In this project we will try to run object detection with a m.2 A+E google coral, in a proxmox system running a lxc-docker with frigate. In order to make this working, we will:

Before we begin

Sometimes I may refer to use ‘host’ for an action. This refers to typing a command in the shell at your PVE node. This can be found in the list at your pve-node, which should be under Datacenter. Another thing to note is that you should make sure secure boot is disabled if you have MSI-X, which you can verify with:

lspci -vv | grep MSI-X

Obtaining and installing the google coral

For this project I will be using the m.2 PCIe version of the google coral, with the A+E key. The availability of this item is better than the usb version, but may be more difficult to install. You can for example search on okdo to buy one. Note that for placement in an usual motherboard, it may not fit by default. If your computer has a bluetooth+wifi m.2 slot, it is probably the same A+E slot and may fit. However, if you do not have this slot, you can also use the B+M slot, which fits in most motherboards. For this you will need an adapter, which you can find for example on aliexpress.com.

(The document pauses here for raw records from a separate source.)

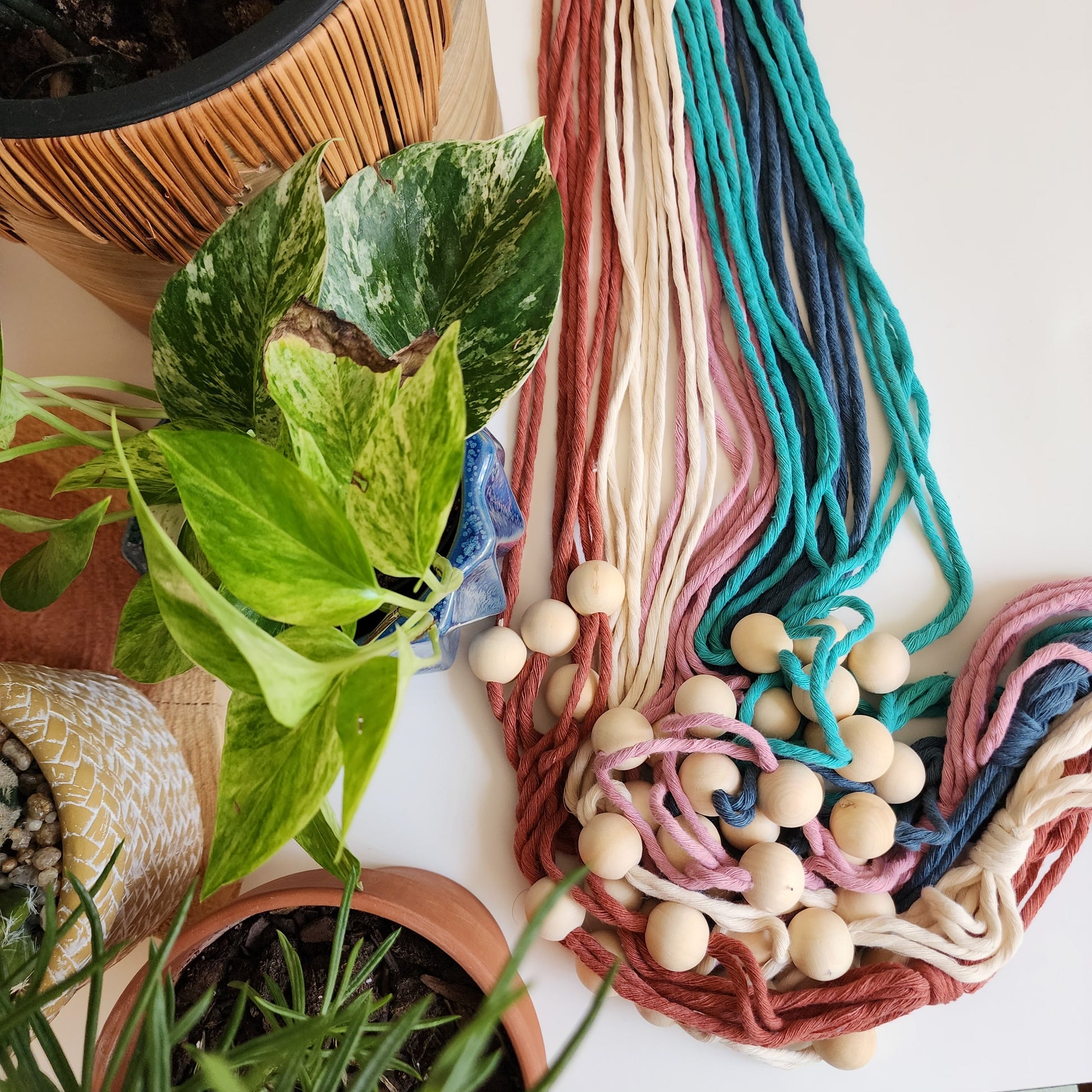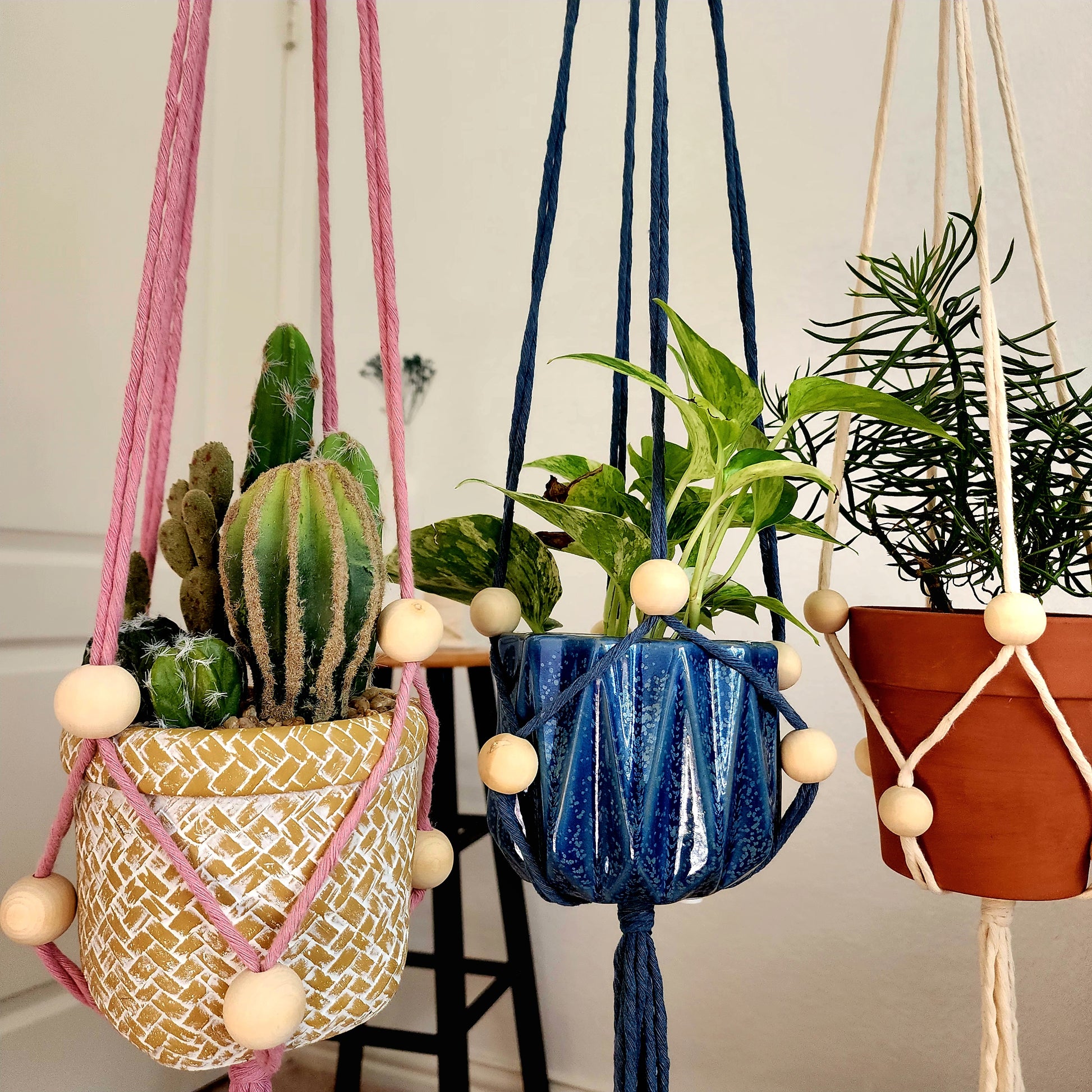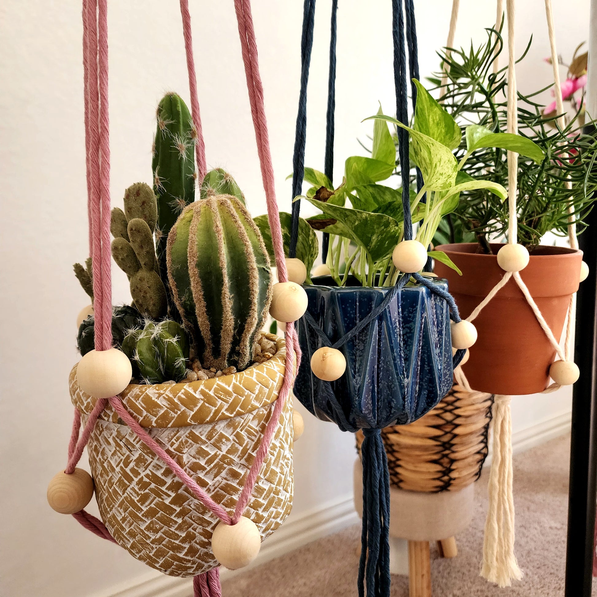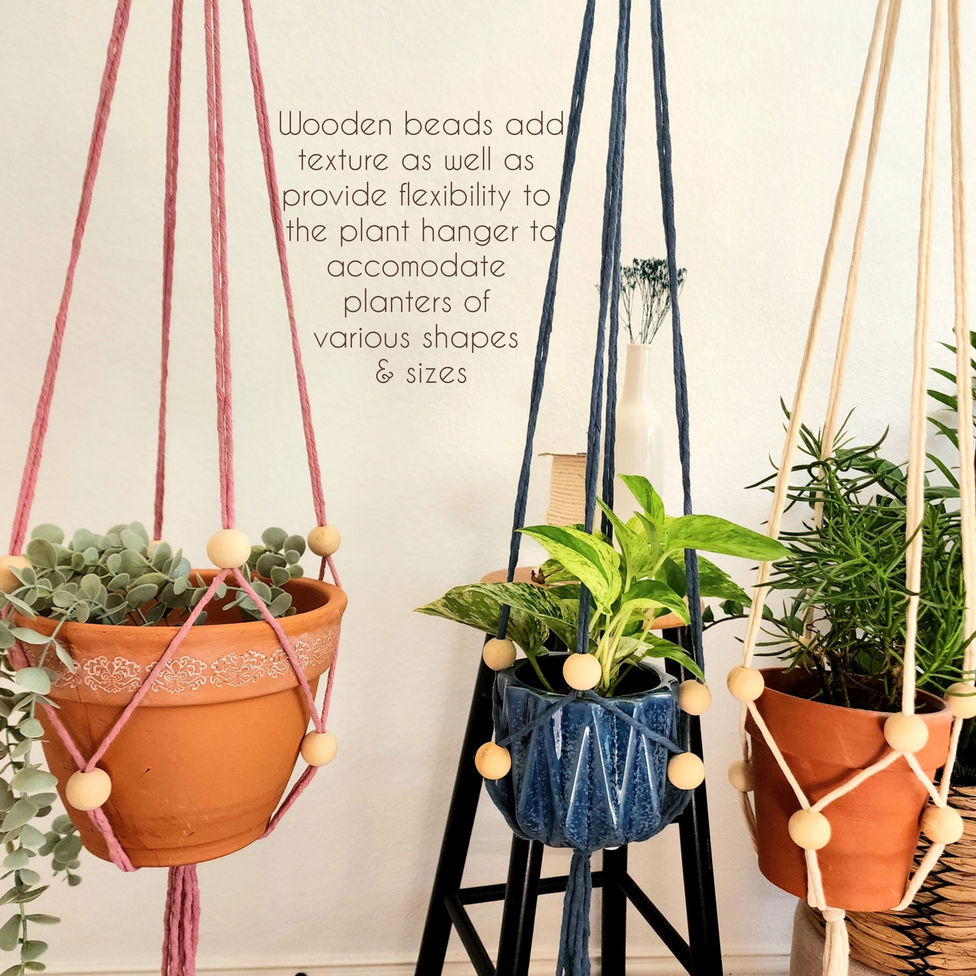 Add boho elegance to your space with this adjustable hanger, perfect for showcasing various plant sizes.
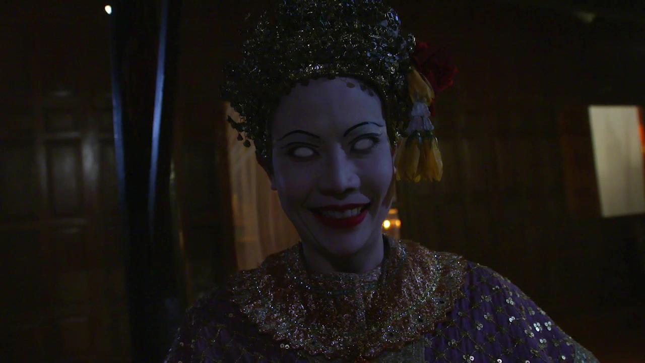เป็นฉากที่ ชฎาพร (จั๊กจั่น) ฝันร้าย เมื่อในฝันได้สวมใส่ชุดนางรำและถูกฟ้าผ่าจนหัวและตัวขาดจากกัน หลังจากตื่นมากลับได้ยินเสียงลึกลับจากเครื่องดนตรีไทยเริ่มต้นบรรเลงขับขาน สลับเสียงฝีเท้าและเสียงหัวเราะ ในห้องเรือนชฎานาง จึงเดินตามเสียงหลอน ไปด้วยความสงสัย ทันใดนั้นภาพที่เห็นทำให้ ชฎาพร ควบคุมสติตัวเองไม่ไหว คือเห็นภาพ ผีนางรำที่คอยๆ พุ่งตัวมาหาในระยะประชิด หักตัวโค้งงอ
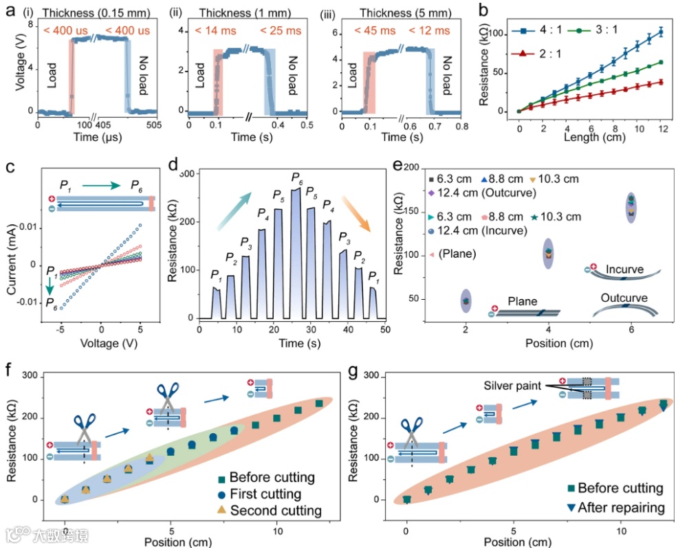 图2. IP织物传感器性能和电输出特性的系统研究。(a) IP 织物传感器的响应时间和恢复时间。(b) 不同去离子水与碳纳米管溶液重量比下导电织物条的电阻与长度的关系。(c) 在 IP 织物传感器的不同位置测量的 I–V 曲线。(d) IP织物传感器不同位置的电响应。(e) IP 织物传感器处于不同状态时响应电阻与位置的关系。(f) IP 织物传感器的可切割性。(g) IP 织物传感器的可修复性。

If you have many cameras and think one coral will not be sufficient, you can also look at the dual-edgetpu this is the same coral, but with two TPU’s, for more processing power. Note that this does not always work with every motherboard. The second TPU may not be detected. In order to be sure that they are both detected, you will need a specific adapter that is designed to detect both TPU’s, which is made by makerfabs.

Now that you have got the correct coral and adapter, you can place the coral in your adapter, and use the screws to tighten it. Place the adapter with the coral in a m.2-slot on your motherboard. If the 2280 adapter is too long, you can cut it to 2260, since there are no connectors on this part.

Install and verify Coral drivers

You can first try to install the Coral drivers on your host using the official manual, but i could not get this working.
Instead, i used the following commands to build the driver myself. Using these commands you will install the required packages needed to build the debian package, retrieve the build materials from github for the driver and finally build and install it:

apt remove gasket-dkms -y
apt install git devscripts dh-dkms build-essential debhelper -y
cd /home
git clone https://github.com/google/gasket-driver.git
cd gasket-driver/
debuild -us -uc -tc -b
cd ..
apt install pve-headers -y
dpkg -i gasket-dkms_1.0-18_all.deb
apt update && apt upgrade -y
reboot

After you run these commands in the shell of your host, you should have succesfully installed the drivers for the coral. If you did not use the official manual, you will still have to execute the following commands after the reboot:

sh -c "echo 'SUBSYSTEM==\"apex\", MODE=\"0660\", GROUP=\"apex\"' >> /etc/udev/rules.d/65-apex.rules"
groupadd apex
adduser $USER apex

After this the newly created device /dev/apex_0 (and apex_1 with dual TPU) should have been created and owned by the apex user. Make sure this is the case by running:

ls -la /dev | grep apex

Which should have a result with apex, apex, 120 and the apex devices.

Confirm installation

Now that the coral drivers are installed, we can confirm that the coral is properly detected. For this we will use the following command:

lspci -nn | grep 089a

You should get a message like

02:00.0 System peripheral [0880]: Global Unichip Corp. Coral Edge TPU

Or two lines if you have the dual-edge-tpu.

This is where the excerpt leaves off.